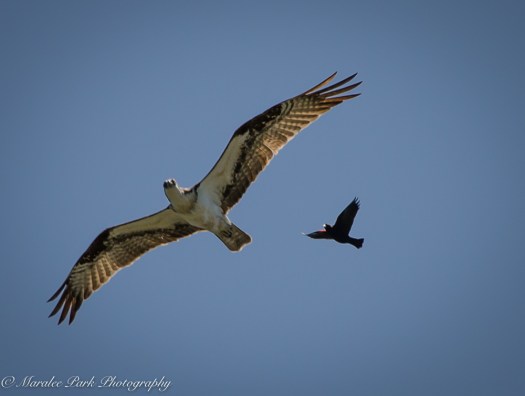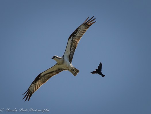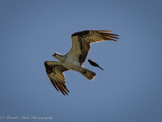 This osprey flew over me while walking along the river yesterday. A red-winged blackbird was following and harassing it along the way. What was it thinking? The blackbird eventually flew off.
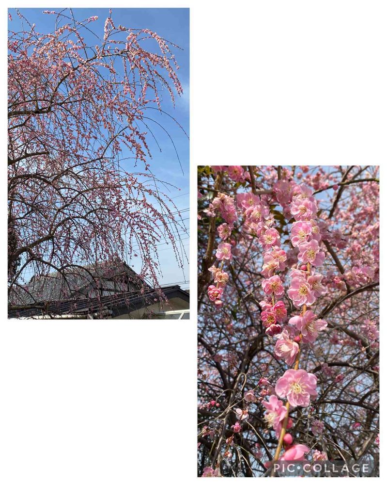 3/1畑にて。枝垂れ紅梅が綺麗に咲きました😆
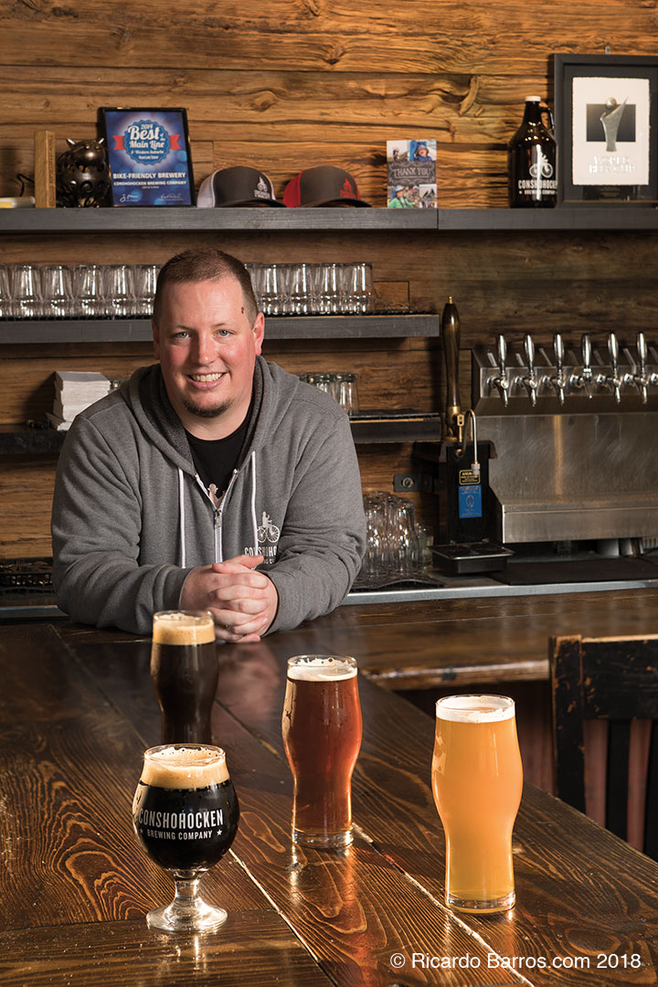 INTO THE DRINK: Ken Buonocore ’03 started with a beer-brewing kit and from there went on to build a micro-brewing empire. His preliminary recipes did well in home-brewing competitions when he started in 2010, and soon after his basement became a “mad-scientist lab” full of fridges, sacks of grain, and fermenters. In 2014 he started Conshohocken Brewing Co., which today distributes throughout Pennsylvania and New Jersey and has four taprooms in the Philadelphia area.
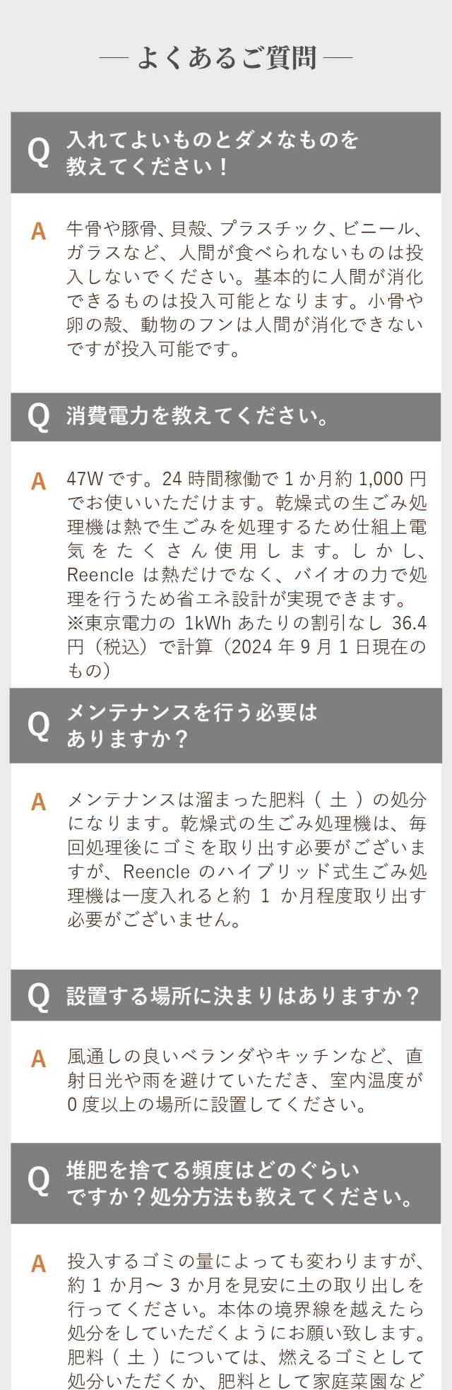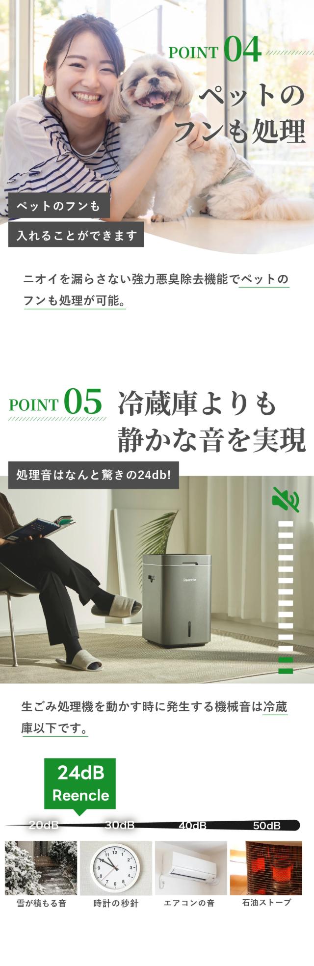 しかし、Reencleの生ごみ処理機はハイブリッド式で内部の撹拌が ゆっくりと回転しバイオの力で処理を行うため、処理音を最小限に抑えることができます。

____________________

Skip the pictures and restate exactly the lines from the beginning of the listing to the line with "INTO THE DRINK: Ken", that line included.

ANSWER SPACE:
 This osprey flew over me while walking along the river yesterday. A red-winged blackbird was following and harassing it along the way. What was it thinking? The blackbird eventually flew off.
 3/1畑にて。枝垂れ紅梅が綺麗に咲きました😆
 INTO THE DRINK: Ken Buonocore ’03 started with a beer-brewing kit and from there went on to build a micro-brewing empire. His preliminary recipes did well in home-brewing competitions when he started in 2010, and soon after his basement became a “mad-scientist lab” full of fridges, sacks of grain, and fermenters. In 2014 he started Conshohocken Brewing Co., which today distributes throughout Pennsylvania and New Jersey and has four taprooms in the Philadelphia area.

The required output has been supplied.